The study of unmade film and television remains neglected and fragmented within scholarly discourse. As such, this series invites contributions (edited collections, monographs etc) on all aspects of unmade, unseen and unreleased film and television from across film and media history. The key aim of the series will be to offer explanations as to why so many projects are left unmade or unreleased, with a focus on the social, political, cultural, industrial, and economic contexts, both at a regional and international level. It is hoped such an approach will allow for insights into the logic of creative failure within the film and television industries.
Ideas may range from individual case studies of directors, producers, writers, genres, studios, and production companies, to wholescale studies of national industries. It may be that the focus is on structural issues (women filmmakers, censorship etc.) or on concepts of the unmade, such as creative failure, archival methods, or creative practice.
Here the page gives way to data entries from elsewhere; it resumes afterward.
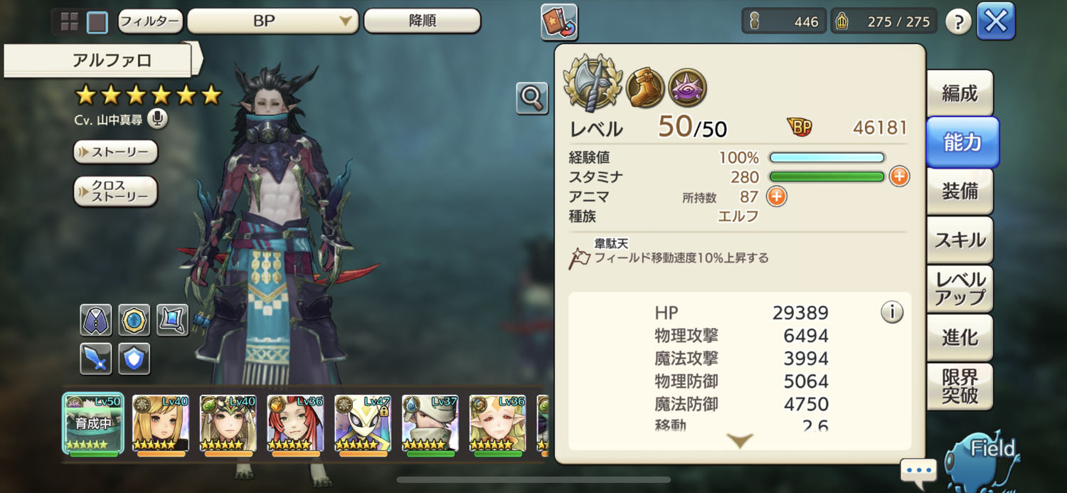 前々回くらいの旅日誌にアルファロのレベルが50になったらまた書きます、と書いた覚えがあるので報告しにきました!
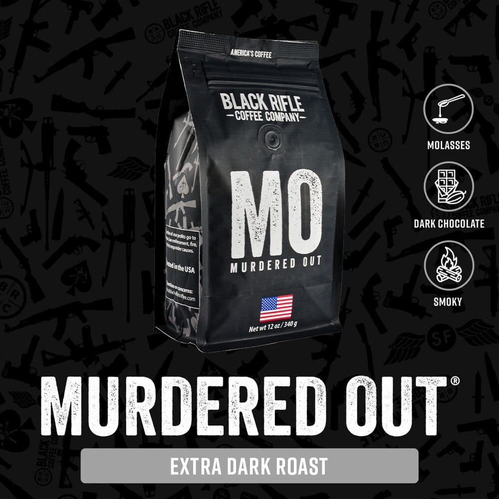 - Includes: One 12 oz bag of Black Rifle Coffee Company Murdered Out ground extra dark roast coffee
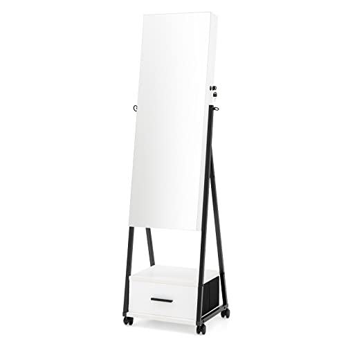 GOPLUS Armoire à Bijoux 2 en 1 avec Miroir Pleine Longueur,...
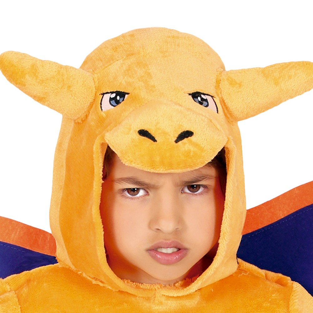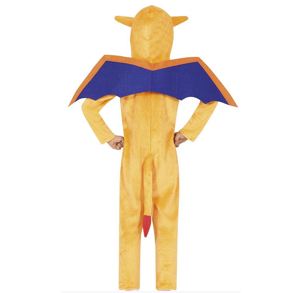 Réf. : ART-081853 Déguisement de dragon mystique orange pour enfant composé d'une combinaison orange avec queue, paire d'ailes oranges et bleues ainsi qu'une capuche tête de dragon. Cette combinaison sera parfaite lors d'une fête à thème, un spectacle scolaire, le Carnaval ou simplement pour s'amuser.

Contributions are also welcomed on the way audiences and fans interact with the unmade and unreleased, from the social media ‘afterlife’ of unmade films, through to innovative practices of bringing to life unmade projects for new audiences and in the process reimaging cinema history.
If you have a potential project, please contact the series editor, James Fenwick ([email protected]) in the first instance, providing details of proposed author/s, a short biography, book title, and short synopsis.
Editorial Board
Kieran Foster (De Montfort University, UK)
Matthew Melia (Kingston University, UK)
Peter Kunze (Eckerd College, USA)
Alexandra Heller-Nicholas (Deakin University, Australia)
Alison Peirse (University of Leeds, UK)
Alix Beeston (Cardiff University)
Stefan Solomon (Macquarie University, Australia)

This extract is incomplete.